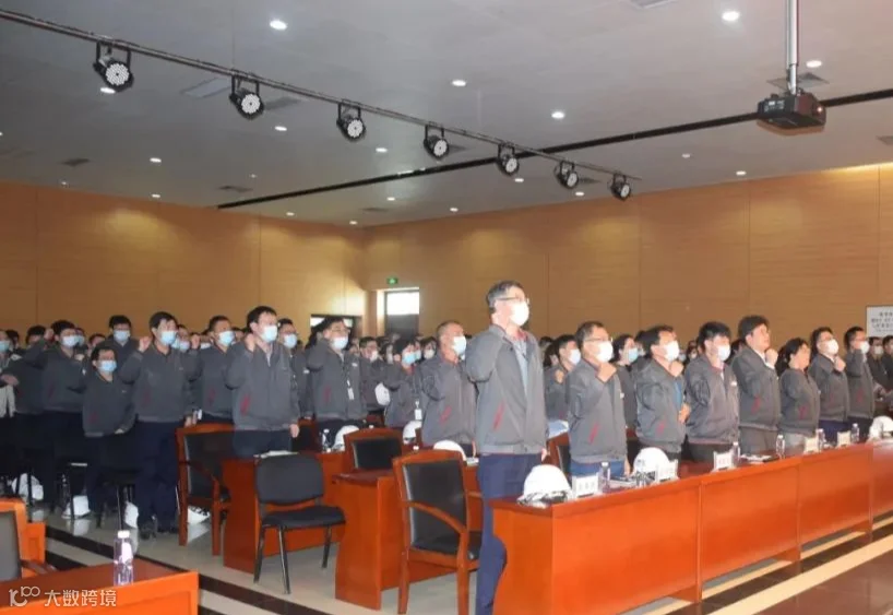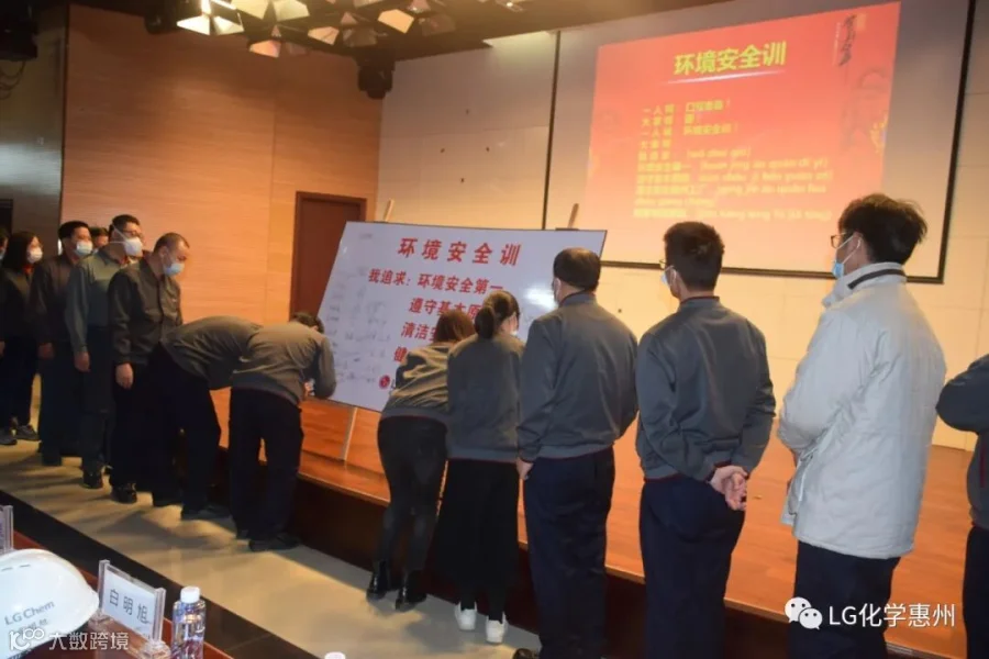 仪式最后,全体员工宣读环境安全训并在安全承诺板上签字,承诺2021年践行环境安全训,守住安全红线。
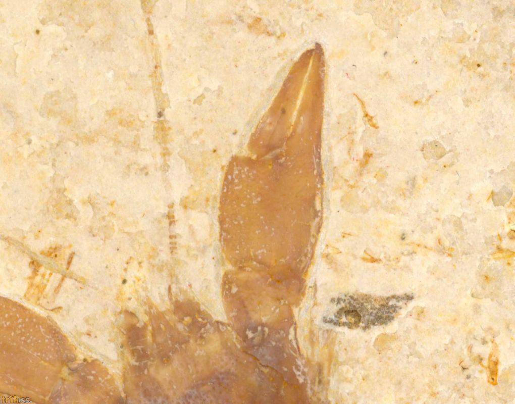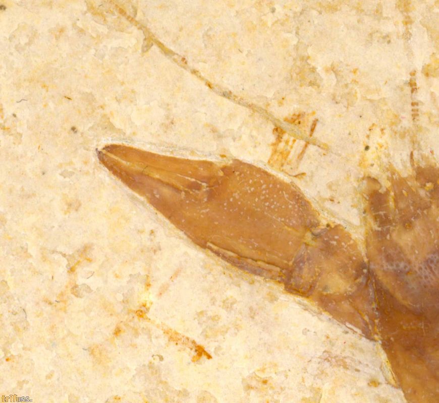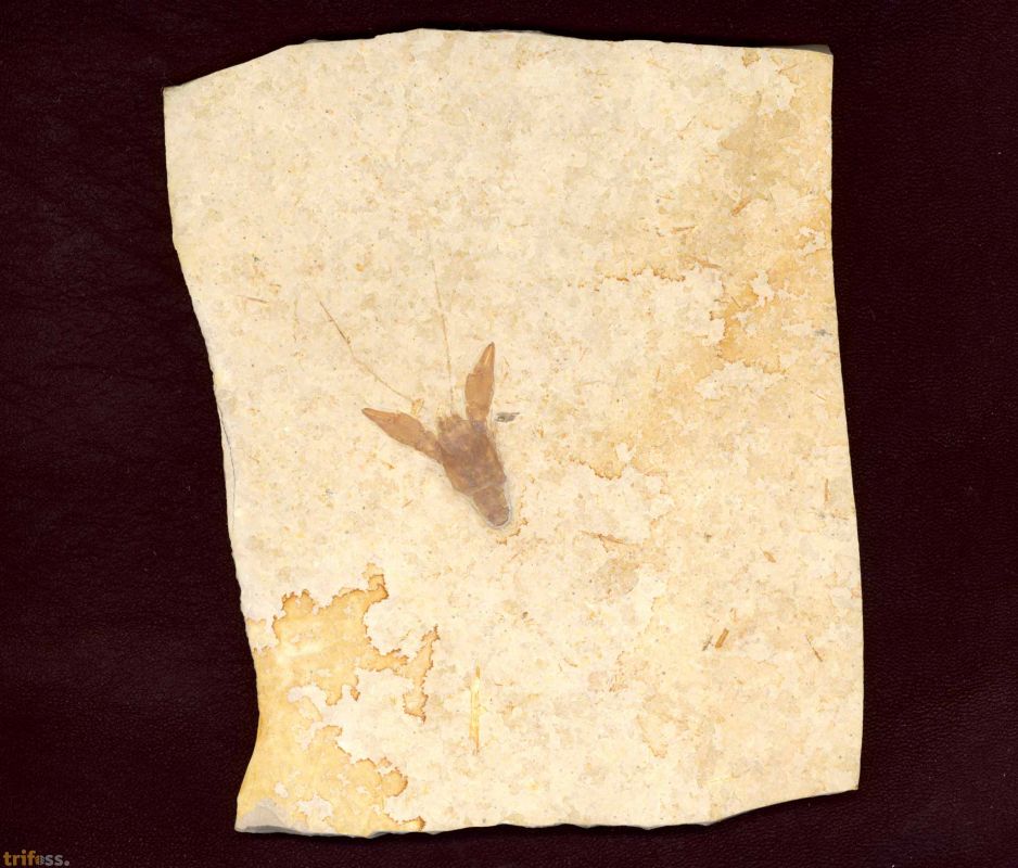 Ausgezeichnetes Exemplar einer Eryma aus Zandt. Der Panzerkrebs überzeugt durch einen hervorragenden Kontrast sowie einer sehr hohen Detailtiefe. Dieses Exemplar misst ohne die Antennen etwa 33 mm. Die Platte ist ungebrochen. | |||
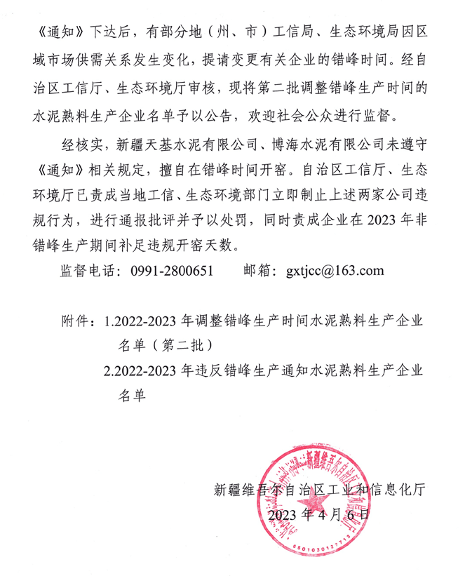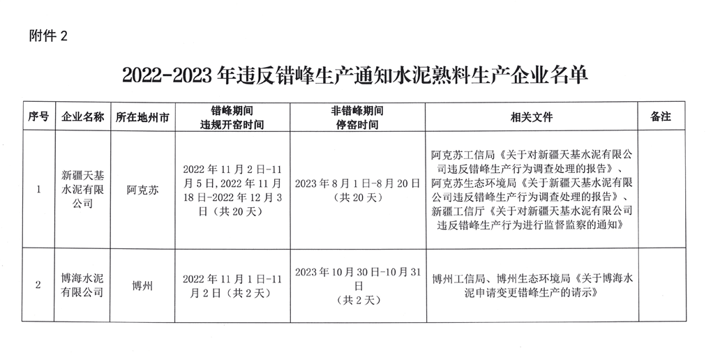 日前,新疆維吾爾自治區(qū)工信廳發(fā)布公告文件公開(kāi)通報(bào)新疆天基水泥有限公司、博海水泥有限公司未遵守《通知》相關(guān)規(guī)定,擅自在錯(cuò)峰時(shí)間開(kāi)窯。自治區(qū)工信廳、生態(tài)環(huán)境廳已責(zé)成當(dāng)?shù)毓ば?、生態(tài)環(huán)境部門立即制止上述兩家公司違規(guī)行為,進(jìn)行通報(bào)批評(píng)并予以處罰,同時(shí)責(zé)成企業(yè)在 2023 年非錯(cuò)峰生產(chǎn)期間補(bǔ)足違規(guī)開(kāi)窯天數(shù)。
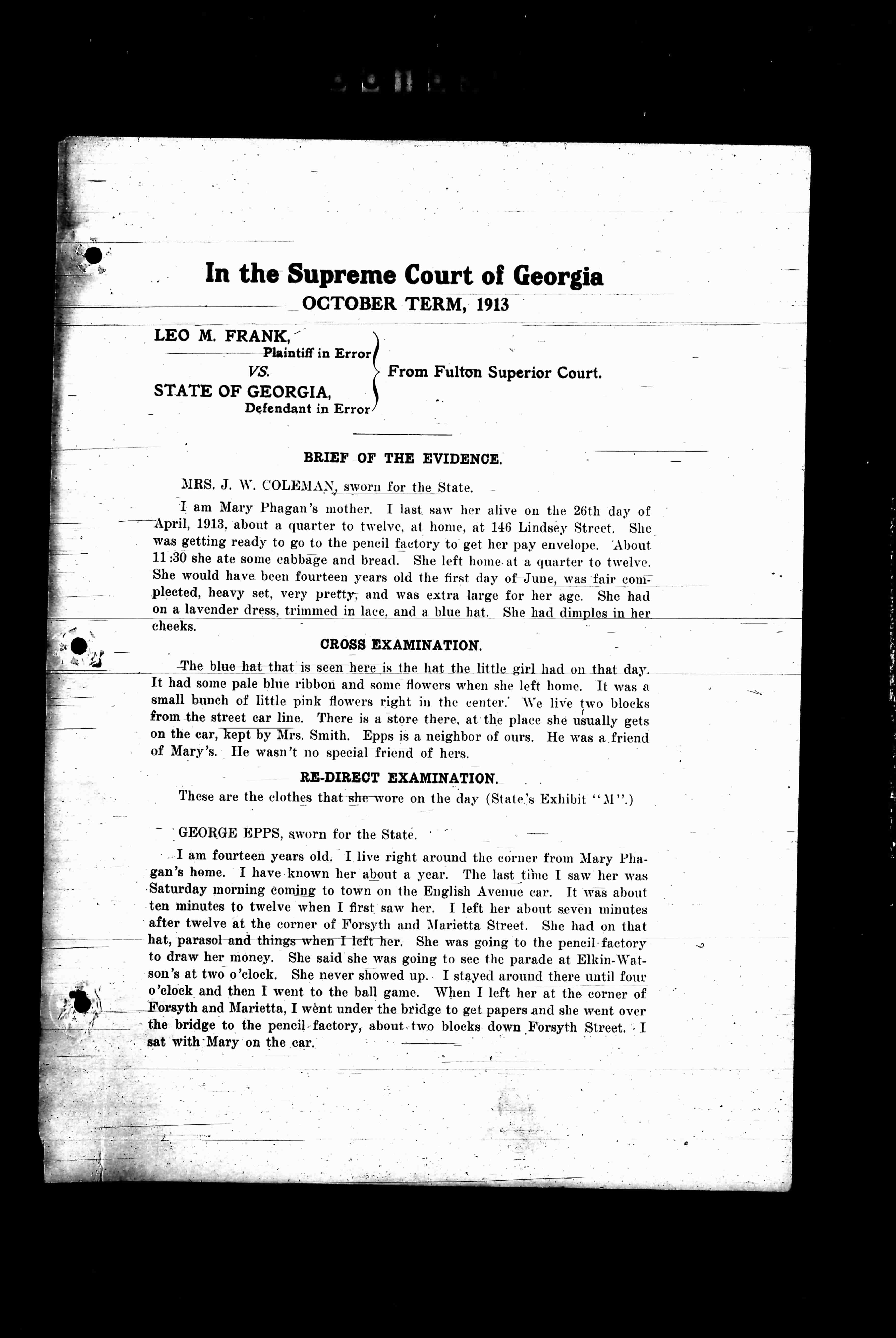 I am fourteen years old. I live right around the corner from Mary Phagan's home. I have known her about a year. The last time I saw her was Saturday morning coming to town on the English Avenue car. It was about ten minutes to twelve when I first saw her. I left her about seven minutes after twelve at the corner of Forsyth and Marietta Street. She had on that hat, parasol and things when I left her. She was going to the pencil factory to draw her money. She said she was going to see the parade at Elkin-Wat. son's at two o'clock. She never showed up. I stayed around there until four o'clock and then I went to the ball game. When I left her at the corner of Forsyth and Marietta, I went under the bridge to get papers and she went over the bridge to the pencil factory, about two blocks down Forsyth Street. I sat with Mary on the car.
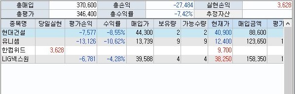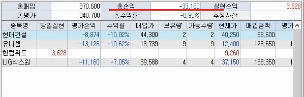 그리고 나서 일단 나온 결과를 보면, 장이 전체적으로 하락장이라서 그런지 소지하고 있는 주식의 가치 하락으로 손해가 3만 3천원이 나왔습니다.

* What to do *
Reproduce the whole listing above character for character; pictures do not belong in it.

* Your solution *
 仪式最后,全体员工宣读环境安全训并在安全承诺板上签字,承诺2021年践行环境安全训,守住安全红线。
 Ausgezeichnetes Exemplar einer Eryma aus Zandt. Der Panzerkrebs überzeugt durch einen hervorragenden Kontrast sowie einer sehr hohen Detailtiefe. Dieses Exemplar misst ohne die Antennen etwa 33 mm. Die Platte ist ungebrochen. | |||
 日前,新疆維吾爾自治區(qū)工信廳發(fā)布公告文件公開(kāi)通報(bào)新疆天基水泥有限公司、博海水泥有限公司未遵守《通知》相關(guān)規(guī)定,擅自在錯(cuò)峰時(shí)間開(kāi)窯。自治區(qū)工信廳、生態(tài)環(huán)境廳已責(zé)成當(dāng)?shù)毓ば?、生態(tài)環(huán)境部門立即制止上述兩家公司違規(guī)行為,進(jìn)行通報(bào)批評(píng)并予以處罰,同時(shí)責(zé)成企業(yè)在 2023 年非錯(cuò)峰生產(chǎn)期間補(bǔ)足違規(guī)開(kāi)窯天數(shù)。
 I am fourteen years old. I live right around the corner from Mary Phagan's home. I have known her about a year. The last time I saw her was Saturday morning coming to town on the English Avenue car. It was about ten minutes to twelve when I first saw her. I left her about seven minutes after twelve at the corner of Forsyth and Marietta Street. She had on that hat, parasol and things when I left her. She was going to the pencil factory to draw her money. She said she was going to see the parade at Elkin-Wat. son's at two o'clock. She never showed up. I stayed around there until four o'clock and then I went to the ball game. When I left her at the corner of Forsyth and Marietta, I went under the bridge to get papers and she went over the bridge to the pencil factory, about two blocks down Forsyth Street. I sat with Mary on the car.
 그리고 나서 일단 나온 결과를 보면, 장이 전체적으로 하락장이라서 그런지 소지하고 있는 주식의 가치 하락으로 손해가 3만 3천원이 나왔습니다.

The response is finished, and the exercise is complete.